The words struck like a slap, cruel and precise.
She rose then, crossing to a small leather bag in the corner. Glass clinked faintly as she rummaged through it. When she turned back, a gleam of metal flashed in her hand.
A pistol.
My heart lurched.
“What happens now?” I asked, my voice trembling.
“Since you’ve ruined our original ending, we’ve had to improvise,” she explained, tucking the pistol into a garter beneath her skirts. “Julien is waiting at the cliffs. I sent word to your husband that you’d gone wandering again. He's probably halfway there already.”
Her eyes glittered. “When we arrive, Julien will take care of your husband. You, my dear, will be found with the pistol that kills him. They’ll cart you off to be with your mother and Julien will take his rightful place as heir… and I will become his Duchess.”
“You’ll be caught,” I choked out.
She smiled. “I don’t think so. All the servants think you’re mad enough to do it. They’ll tell the constable about your episodes.”
From her pocket, she withdrew a syringe and amber vial.
My pulse spiked.
I tried to move as she filled it, but my limbs were sluggish, uncooperative. She knelt, seized my arm, and before I could scream, plunged the needle into my skin.
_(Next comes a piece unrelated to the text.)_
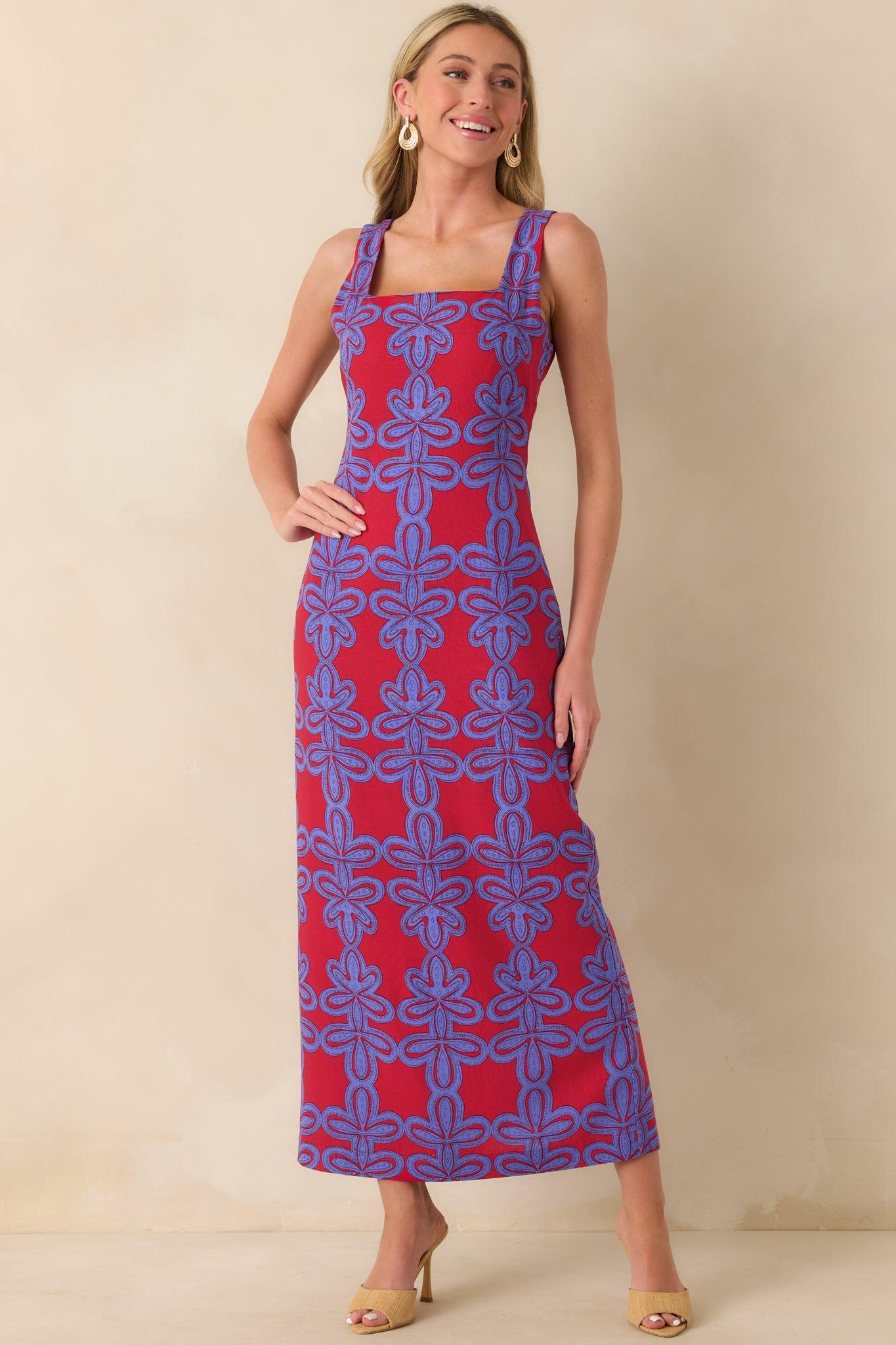 The I'm Blushing Red Multi Geometric Print Linen Blend Maxi Dress is made for the compliments you pretend not to hear but secretly love. It’s bold, feel-good, and just the right mix of playful and put-together. This maxi dress features a bright red and light indigo geometric print, square neckline, sleeveless design, hidden back zipper, full red lining, fitted bodice, and a small back center seam bottom slit.

A searing heat spread through my veins.
“What is that?” I croaked watching the syringe empty into my vein.
“A little mixture I’ve been saving for just this moment,” she mused calmly, gripping my arm so fiercely that her nails dug into my skin.
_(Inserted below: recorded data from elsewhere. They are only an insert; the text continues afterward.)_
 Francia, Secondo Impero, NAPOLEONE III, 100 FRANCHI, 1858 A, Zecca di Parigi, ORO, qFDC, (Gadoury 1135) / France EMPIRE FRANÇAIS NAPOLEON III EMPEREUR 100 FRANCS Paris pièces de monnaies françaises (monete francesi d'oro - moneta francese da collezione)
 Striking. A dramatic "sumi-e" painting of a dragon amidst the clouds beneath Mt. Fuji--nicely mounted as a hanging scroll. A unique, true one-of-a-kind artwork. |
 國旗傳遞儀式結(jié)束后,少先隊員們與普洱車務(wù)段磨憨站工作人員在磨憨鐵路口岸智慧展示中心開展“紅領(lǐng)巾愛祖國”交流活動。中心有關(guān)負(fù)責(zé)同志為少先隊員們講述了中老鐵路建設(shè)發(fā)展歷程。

“Laudanum and Nightshade…” she paused, tilting her head at my horrified reaction.
“Don’t worry, it won’t kill you. I’ve been perfecting just the right amount for weeks. ”
She barely finished the sentence before the effects wracked my body. Everything began to sway and spin. Her face slid into a haze of melting colors and when she laughed, the sound came too slow, too foreign.
My body became a tomb and I couldn’t even think clearly enough to tell my brain to move my limbs.
“Come on,” she urged, scooping her arm beneath my head, forcing me to stand on legs that I couldn’t even feel. “Let’s go before it really drags you under.”
We stumbled through the tower, my weight sagging against her shoulder. Each step sent fire through my skull. The corridors swam, melting in and out of focus.
Darkness crept in and when I came to again, we were in the garden, the cool night air stinging my cheeks. The manor loomed behind us, its windows dark as hollow eyes.
“Almost there,” Nelly murmured, dragging me forward with unnatural strength for a woman her size.